States are beginning to lose their grip over the world. The world is taken over by Oil corporations, computer industries and pharmaceuticals. They use patent laws to claim ownership of knowledge.
There are two types of knowledge systems: scientific knowledge and narrative knowledge. Narrative knowledge stems from different fields like art, literature, sociology and psychology. All these forms of discourses are language games. The rules of a game are not natural but determined by a community. Every utterance should be thought of as move in a game. Modification of rules alters the nature of the game. Different societies have diverse forms of law, politics and legislation. The organization of games and narratives is performed by meta-narratives.
There are two types of meta-narratives—the speculative grand narrative and the grand narrative of emancipation. The speculative grand narrative begins with Hegel and he calls it the spirit which is mans progress of knowledge. All the language games are brought together to present a universal history of the spirit. The grand narrative of emancipation presents knowledge as the basis for human freedom and liberty. The grand narrative of emancipation began with the French revolution. The universalization of education means freeing all citizens from domination and mysticism.
The enlightenment era focuses on the freedom of people from religious superstitions and Marxist narratives focuses on the freedom of workers.
In postmodern culture grand-narratives or meta-narratives have lost their credibility. Postmodern knowledge is marked by efficiency and profitability. The aim is to make production and consumption cheaper.
Individuals are sites where ranges of conflicting moral and social codes intersect and the social bond in fragmented.
The best means to resist globalization of capitalism is increasing fragmentation of games. For example in Quantum physics, the laws of physics cease to operate at the subatomic level and games become the language of probability.
Experimental work of art and literature should challenge the art and tradition of the avant garde art and literature. Art has the capacity to generate political action and also resist the dehumanizing impact of free market capitalism. The aim of communication is for reaching consensus between various participants. Postmodernism is the art of destabilization and achieving the status of the sublime.

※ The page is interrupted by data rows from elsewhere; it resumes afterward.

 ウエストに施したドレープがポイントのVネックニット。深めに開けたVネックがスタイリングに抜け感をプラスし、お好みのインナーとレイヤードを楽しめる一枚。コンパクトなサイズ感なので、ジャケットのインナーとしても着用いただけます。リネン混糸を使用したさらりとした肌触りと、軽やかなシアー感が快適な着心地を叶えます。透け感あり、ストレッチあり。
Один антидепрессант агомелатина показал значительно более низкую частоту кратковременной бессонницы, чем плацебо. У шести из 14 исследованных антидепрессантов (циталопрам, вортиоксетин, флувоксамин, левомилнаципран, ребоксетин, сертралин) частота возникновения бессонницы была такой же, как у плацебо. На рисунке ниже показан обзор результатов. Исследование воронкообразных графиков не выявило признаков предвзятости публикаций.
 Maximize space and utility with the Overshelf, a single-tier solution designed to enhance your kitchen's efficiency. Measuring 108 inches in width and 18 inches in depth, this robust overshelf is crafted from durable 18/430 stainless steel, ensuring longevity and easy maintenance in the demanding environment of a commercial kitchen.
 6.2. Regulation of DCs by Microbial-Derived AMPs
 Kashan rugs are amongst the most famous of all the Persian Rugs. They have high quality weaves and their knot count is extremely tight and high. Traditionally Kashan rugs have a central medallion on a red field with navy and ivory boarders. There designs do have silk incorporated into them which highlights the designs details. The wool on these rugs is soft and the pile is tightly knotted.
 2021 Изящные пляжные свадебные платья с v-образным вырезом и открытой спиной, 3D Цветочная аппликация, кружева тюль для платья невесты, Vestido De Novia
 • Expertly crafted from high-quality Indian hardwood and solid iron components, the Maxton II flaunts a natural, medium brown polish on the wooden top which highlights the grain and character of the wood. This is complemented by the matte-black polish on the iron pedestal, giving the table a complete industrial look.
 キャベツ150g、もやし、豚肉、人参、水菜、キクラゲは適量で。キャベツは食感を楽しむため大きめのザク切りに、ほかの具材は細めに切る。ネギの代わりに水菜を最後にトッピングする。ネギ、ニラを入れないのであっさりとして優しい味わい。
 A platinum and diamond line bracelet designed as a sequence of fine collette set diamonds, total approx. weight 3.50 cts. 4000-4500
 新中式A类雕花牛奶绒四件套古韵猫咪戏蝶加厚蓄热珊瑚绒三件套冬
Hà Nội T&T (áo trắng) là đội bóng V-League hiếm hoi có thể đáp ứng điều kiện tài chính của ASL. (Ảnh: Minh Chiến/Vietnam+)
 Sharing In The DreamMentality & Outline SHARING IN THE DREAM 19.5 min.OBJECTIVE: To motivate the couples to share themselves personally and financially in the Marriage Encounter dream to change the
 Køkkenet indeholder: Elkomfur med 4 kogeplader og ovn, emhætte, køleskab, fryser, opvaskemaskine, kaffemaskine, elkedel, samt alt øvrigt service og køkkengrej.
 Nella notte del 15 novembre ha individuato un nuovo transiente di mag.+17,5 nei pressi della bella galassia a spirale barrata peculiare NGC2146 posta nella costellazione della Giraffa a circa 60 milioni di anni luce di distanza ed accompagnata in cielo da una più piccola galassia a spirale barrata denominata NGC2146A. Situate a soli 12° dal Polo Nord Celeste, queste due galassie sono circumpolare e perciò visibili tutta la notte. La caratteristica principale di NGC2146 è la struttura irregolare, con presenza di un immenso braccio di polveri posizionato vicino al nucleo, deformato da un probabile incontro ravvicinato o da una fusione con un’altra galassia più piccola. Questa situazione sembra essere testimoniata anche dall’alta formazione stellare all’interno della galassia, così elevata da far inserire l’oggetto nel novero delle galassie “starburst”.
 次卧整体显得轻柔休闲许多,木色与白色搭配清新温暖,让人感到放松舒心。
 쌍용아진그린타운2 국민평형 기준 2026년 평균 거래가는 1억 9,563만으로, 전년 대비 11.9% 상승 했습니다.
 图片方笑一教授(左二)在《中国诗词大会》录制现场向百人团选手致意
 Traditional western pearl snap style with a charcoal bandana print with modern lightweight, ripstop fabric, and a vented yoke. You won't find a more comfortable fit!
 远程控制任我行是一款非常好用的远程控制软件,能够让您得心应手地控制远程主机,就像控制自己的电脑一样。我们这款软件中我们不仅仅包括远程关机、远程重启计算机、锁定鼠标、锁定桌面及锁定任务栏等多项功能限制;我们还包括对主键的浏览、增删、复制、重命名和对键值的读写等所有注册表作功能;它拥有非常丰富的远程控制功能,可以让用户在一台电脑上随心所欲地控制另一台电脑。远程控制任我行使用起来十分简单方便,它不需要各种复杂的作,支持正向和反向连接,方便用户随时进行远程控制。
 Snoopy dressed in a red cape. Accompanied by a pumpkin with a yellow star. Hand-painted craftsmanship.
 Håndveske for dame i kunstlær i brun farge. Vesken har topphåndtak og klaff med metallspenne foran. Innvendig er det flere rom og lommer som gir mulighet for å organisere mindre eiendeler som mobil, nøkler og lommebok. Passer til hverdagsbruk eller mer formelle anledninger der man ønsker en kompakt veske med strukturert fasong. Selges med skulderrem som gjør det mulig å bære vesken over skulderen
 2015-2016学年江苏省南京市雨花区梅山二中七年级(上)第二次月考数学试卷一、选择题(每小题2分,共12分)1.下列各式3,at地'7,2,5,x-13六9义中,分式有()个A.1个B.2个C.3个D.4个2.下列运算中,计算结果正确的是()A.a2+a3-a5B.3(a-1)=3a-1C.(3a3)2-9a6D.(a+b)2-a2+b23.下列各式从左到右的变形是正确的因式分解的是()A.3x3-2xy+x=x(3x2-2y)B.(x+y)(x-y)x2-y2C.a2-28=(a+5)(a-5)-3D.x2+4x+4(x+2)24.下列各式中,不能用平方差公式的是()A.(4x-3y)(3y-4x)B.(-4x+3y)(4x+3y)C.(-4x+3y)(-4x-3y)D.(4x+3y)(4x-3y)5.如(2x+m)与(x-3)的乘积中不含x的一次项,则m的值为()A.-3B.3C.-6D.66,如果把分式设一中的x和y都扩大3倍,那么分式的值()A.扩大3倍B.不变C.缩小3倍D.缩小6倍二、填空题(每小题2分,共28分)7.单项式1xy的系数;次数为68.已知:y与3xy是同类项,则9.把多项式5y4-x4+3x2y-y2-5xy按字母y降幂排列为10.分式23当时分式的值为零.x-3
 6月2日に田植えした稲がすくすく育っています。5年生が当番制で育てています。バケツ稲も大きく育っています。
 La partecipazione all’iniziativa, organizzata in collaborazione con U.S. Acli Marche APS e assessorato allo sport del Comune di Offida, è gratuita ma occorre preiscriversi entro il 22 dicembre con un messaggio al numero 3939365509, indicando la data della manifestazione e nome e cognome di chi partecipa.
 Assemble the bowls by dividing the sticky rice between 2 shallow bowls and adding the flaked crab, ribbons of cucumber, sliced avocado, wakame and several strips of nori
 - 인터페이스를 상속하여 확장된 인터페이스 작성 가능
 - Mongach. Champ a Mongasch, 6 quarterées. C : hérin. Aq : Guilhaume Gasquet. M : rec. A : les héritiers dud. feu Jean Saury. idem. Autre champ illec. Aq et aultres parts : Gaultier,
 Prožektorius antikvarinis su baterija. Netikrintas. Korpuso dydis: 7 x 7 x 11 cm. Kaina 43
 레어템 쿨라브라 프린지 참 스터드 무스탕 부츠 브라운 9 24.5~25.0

Lyotard has introduced the concept of the differand. It could be explained with the help of an example. A company wanted to build its factory in Australian aboriginal land. The aboriginals cannot give up the land because the land is sacred. But the aboriginals cannot prove in court the sacredness of the land. Lyotard does not explicitly say what decision the court should take. He defines such complex legal situation as one of being a Differand. The complexity of rendering justice is a dilemma as both sides stands to lose if the judgment favors one.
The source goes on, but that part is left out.